• **DATASET CONTENT**
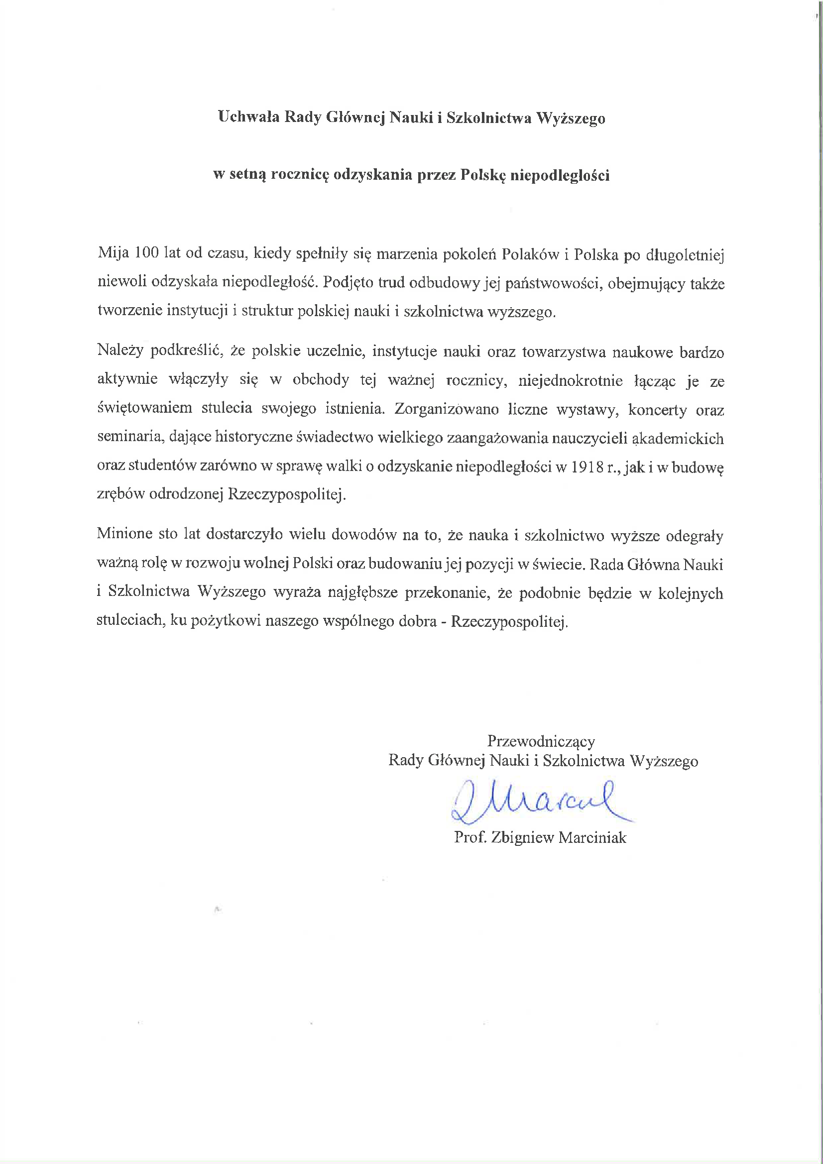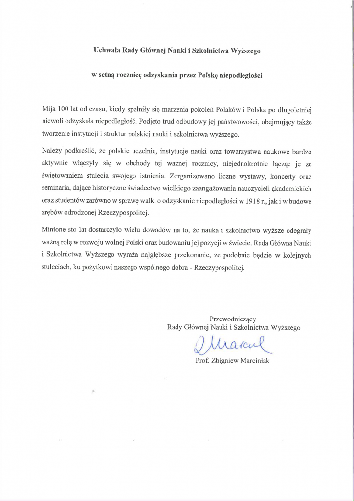 Uchwała Rady Głównej Nauki i Szkolnictwa Wyższego w setną rocznicę odzyskania przez Polskę niepodległości
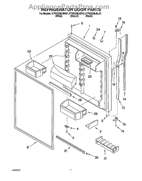 Parts for Kitchenaid KTRS22MJWH01: 04 - Refrigerator Door Parts
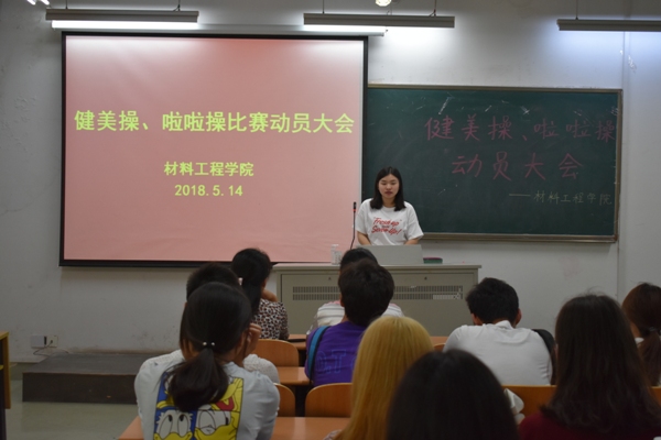2018年5月14日中午12:15,材料工程学院在2209教室举办了啦啦操、健美操动员大会。学院党总支副书记陈智慧、辅导员江赛德老师出席本次会议。

• **TASK INSTRUCTIONS**
Leave out the pictures, and retype exactly the lines from the one containing "Parts for Kitchenaid" through the final line of the data.

• **YOUR RESPONSE**
 Parts for Kitchenaid KTRS22MJWH01: 04 - Refrigerator Door Parts
2018年5月14日中午12:15,材料工程学院在2209教室举办了啦啦操、健美操动员大会。学院党总支副书记陈智慧、辅导员江赛德老师出席本次会议。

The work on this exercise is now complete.